- Wilkins in Parliament in 2015

Member of the House of Lords
- Lord Temporal
- Life peerage 30 July 1999 – 23 July 2015

Personal details
- Born: Rosalie Catherine Wilkins 6 May 1946 Chesham Bois, Buckinghamshire, England
- Died: 1 December 2024 (aged 78)
- Party: Labour

= Rosalie Wilkins, Baroness Wilkins =

British politician (1946–2024)

Rosalie Catherine Wilkins, Baroness Wilkins (6 May 1946 – 1 December 2024), was a British Labour politician, disability rights campaigner and television presenter.

==Early life==
Wilkins was born in Chesham Bois, Buckinghamshire, England on 6 May 1946. She was one of four children. During sixth-form, Wilkins attended Dr Challoner’s Grammar School in Amersham.
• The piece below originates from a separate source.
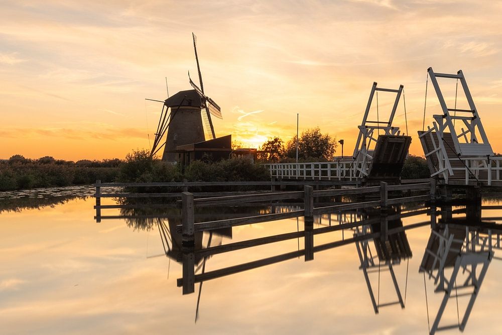 Buy the photo Sunset at Kinderdijk by Davey Bogaard on canvas, ArtFrame, poster and wallpaper, printed on demand in high quality.

While studying sociology and government at Manchester University in 1966, she fell from a moving vehicle and broke her neck. She was transferred to Stoke Mandeville Hospital for 6 months, where she followed an intensive rehabilitation programme in which she learnt to swim. She returned to complete her studies and graduated in 1971.

== Career ==
Wilkins worked for the Central Council for the Disabled (later becoming Royal Association for Disability and Rehabilitation). She also became involved with Disablement Income Group (DIG).

Wilkins was a member of the Central Health Services Council from 1974 to 1976, the BBC General Advisory Council from 1976 to 1978, and the Prince of Wales' Advisory Group on Disability from 1982 to 1990. She was an officer for National Centre for Independent Living by the end of the 1990s - a cause she was passionate about. She was also President of the College of Occupational Therapists from 2003 to 2008.

On 30 July 1999, she was created a life peer with the title Baroness Wilkins, of Chesham Bois in the County of Buckinghamshire. She was a member of the House of Lords until her retirement in 2015.

== Death ==
Wilkins died on 1 December 2024, at the age of 78.